Top of ENTRIES SUPPLIED

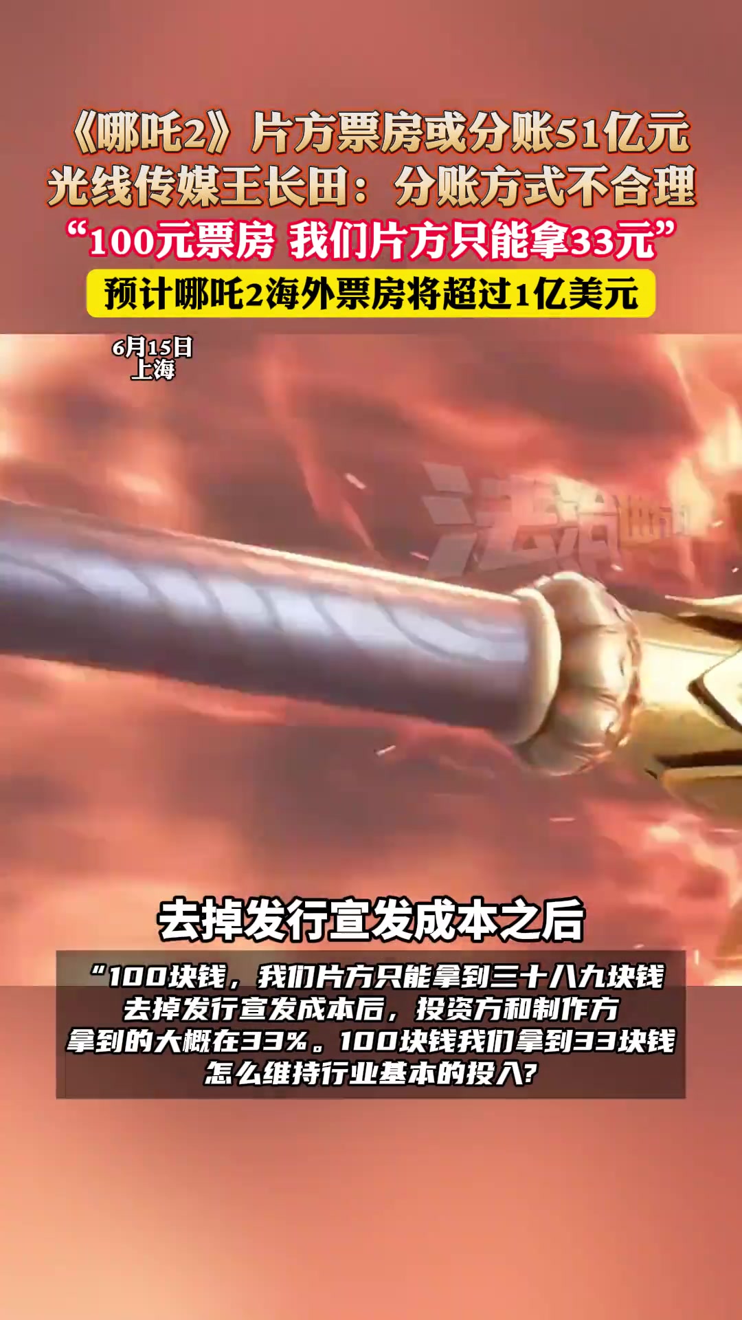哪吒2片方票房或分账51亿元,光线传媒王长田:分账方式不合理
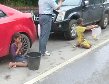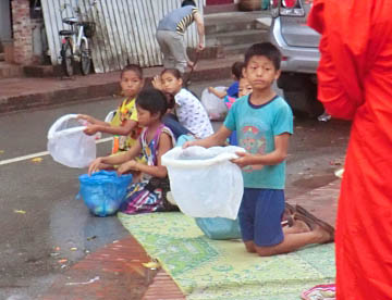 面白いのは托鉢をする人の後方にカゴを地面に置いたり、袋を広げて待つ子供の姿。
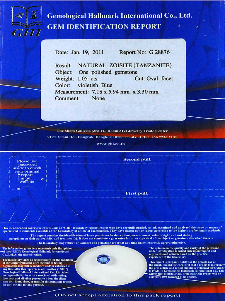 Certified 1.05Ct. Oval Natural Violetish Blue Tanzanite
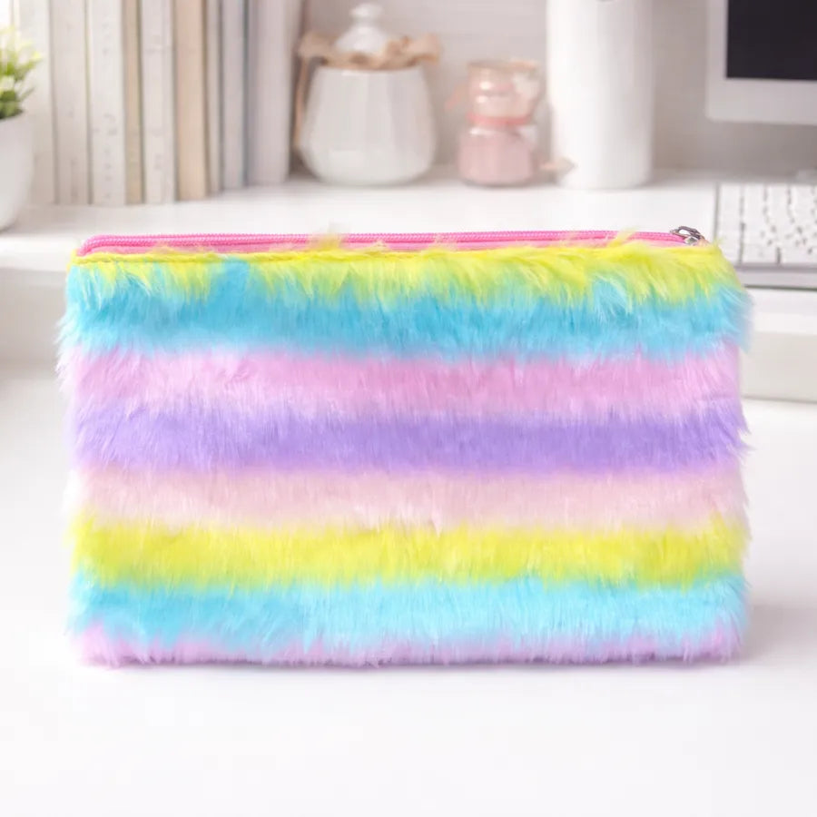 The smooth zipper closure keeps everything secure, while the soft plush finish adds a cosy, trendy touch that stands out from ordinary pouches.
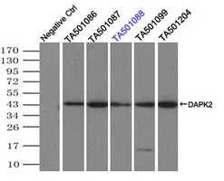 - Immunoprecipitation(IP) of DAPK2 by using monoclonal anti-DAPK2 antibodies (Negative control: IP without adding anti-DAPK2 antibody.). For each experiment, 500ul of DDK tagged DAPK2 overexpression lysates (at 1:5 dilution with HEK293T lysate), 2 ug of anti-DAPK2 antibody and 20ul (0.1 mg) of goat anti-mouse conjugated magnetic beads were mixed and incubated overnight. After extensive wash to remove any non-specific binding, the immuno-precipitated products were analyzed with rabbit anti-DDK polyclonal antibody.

Bottom of ENTRIES SUPPLIED

PROBLEM STATEMENT: Where the line containing "面白いのは托鉢をする人の後方にカゴを地面に置いたり、袋を広げて待つ子供の姿。" appears, begin copying there and continue exactly through the final line of the records; both end lines belong in the copy, pictures do not.

RESULT:
 面白いのは托鉢をする人の後方にカゴを地面に置いたり、袋を広げて待つ子供の姿。
 Certified 1.05Ct. Oval Natural Violetish Blue Tanzanite
 The smooth zipper closure keeps everything secure, while the soft plush finish adds a cosy, trendy touch that stands out from ordinary pouches.
 - Immunoprecipitation(IP) of DAPK2 by using monoclonal anti-DAPK2 antibodies (Negative control: IP without adding anti-DAPK2 antibody.). For each experiment, 500ul of DDK tagged DAPK2 overexpression lysates (at 1:5 dilution with HEK293T lysate), 2 ug of anti-DAPK2 antibody and 20ul (0.1 mg) of goat anti-mouse conjugated magnetic beads were mixed and incubated overnight. After extensive wash to remove any non-specific binding, the immuno-precipitated products were analyzed with rabbit anti-DDK polyclonal antibody.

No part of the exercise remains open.